# Shotokan in Oklahoma



## Bret Hinds (May 7, 2009)

I am Trying to find out if someone is a real black belt in Shotokan,or if they read some books or watched a dvd? I think the person is a fake, but I can not prove it! They have a Dojo in South Eastern Oklahoma. All help in this matter would be great. Thank You All the best in the arts


----------



## jks9199 (May 7, 2009)

Who is the dojo affiliated with?  Is it part of any organizations?  What do those affiliations say about it?  I think most Shotokan schools should probably have ties to the Japanese Karate Association, for example.
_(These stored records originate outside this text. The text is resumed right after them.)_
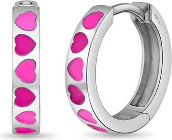 Add some color to your little girl's jewelry collection with these adorable huggie hoop earrings. Crafted from hypoallergenic 925 sterling silver, they are sweet for girls with sensitive skin. Each hoop is beautifully stamped with delicate pink enamel hearts, adding a charming detail. Designed for a secure and comfortable fit, these Huggie Hoops are easy to wear and fun for everyday style or special occasions. A lovely gift for any young fashionista! gift box included with purchase.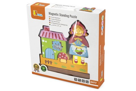 Drevené magnetické kocky - stavebnica s motívom Červenej Čiapočky. Rozmery stavebnice 20x20x4, 5 cm. Rozmery balenia 26x26x5,5 cm. Vek 24m+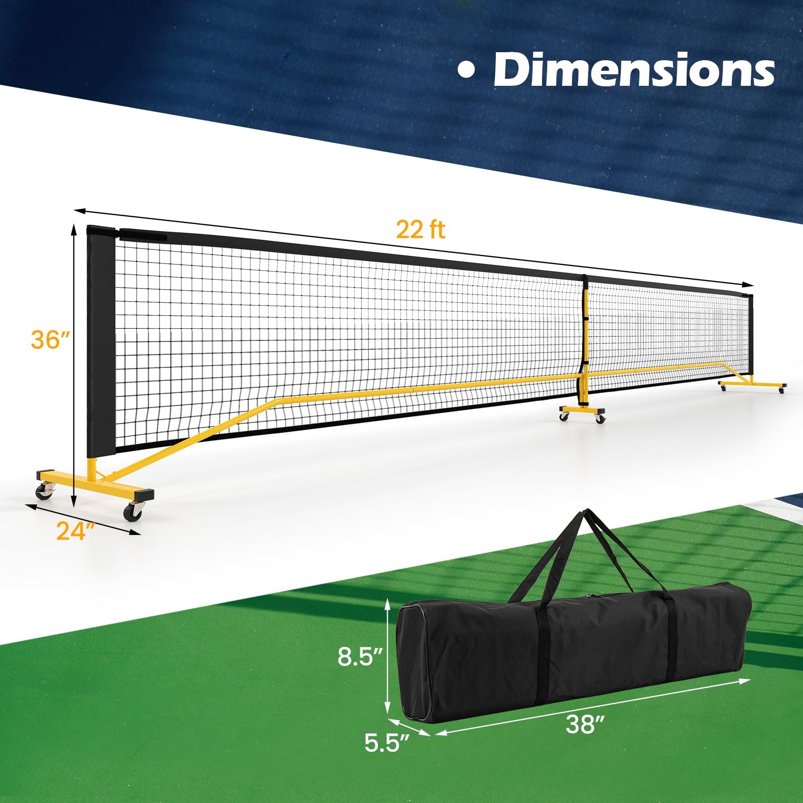 【Stlye: Yellow+Black Pickleball Net, w/6 Lockable Wheels】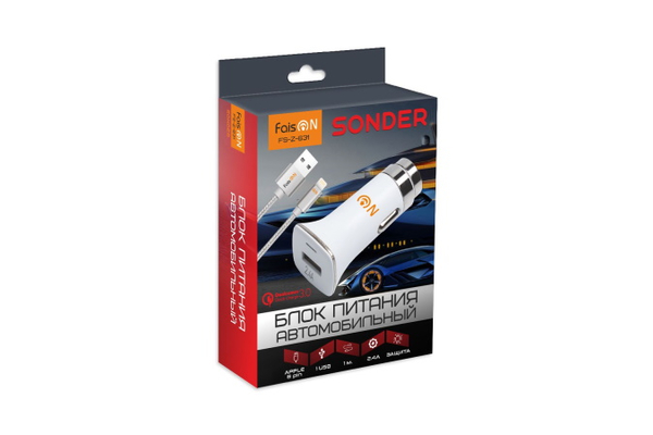 АЗУ с USB портом FaisON FS-Z-631 + кабель Lightning (2400mA, QC3.0) белый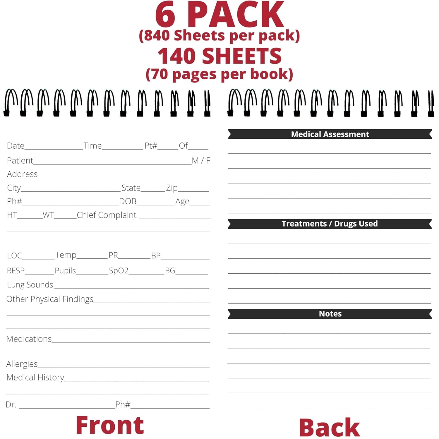 - Stay Organized: Books include all. the vital essentials. Sp02, LOC, TEMP, PR, BP… etc.. it is a must have in your EMT supplies as your EMR note book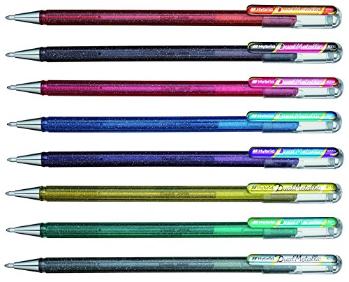 -. Title : Pentel Hybrid Dual Metallic Sparkling Gel Ink Pens Assorted Colors - Pack 8

Of course, not being a member of an organization doesn't prove that the instructor isn't legitimate.  He may simply have chosen not to pay the dues or otherwise moved away from the association...


----------



## Bret Hinds (May 8, 2009)

Thank you for your info. I do not know if the instructor belongs to any group that is part of the problem. All the best in the arts


----------



## JohnASE (May 11, 2009)

Doubting this man the way you are, and phrasing your post the way you did is disrespectful of him.  I assume you have your reasons and are genuinely concerned about his qualifications, but I doubt you'll find many who can help or would want to.

The easiest way to check on his credentials is to ask him who awarded his rank, or maybe he has a certificate displayed in his dojo.  If you find out what he claims his credentials are, you _might_ be able to prove they're false.  However, there's no way to prove he didn't achieve a dan rank from someone somewhere.  You can't check every organization and every dojo.


----------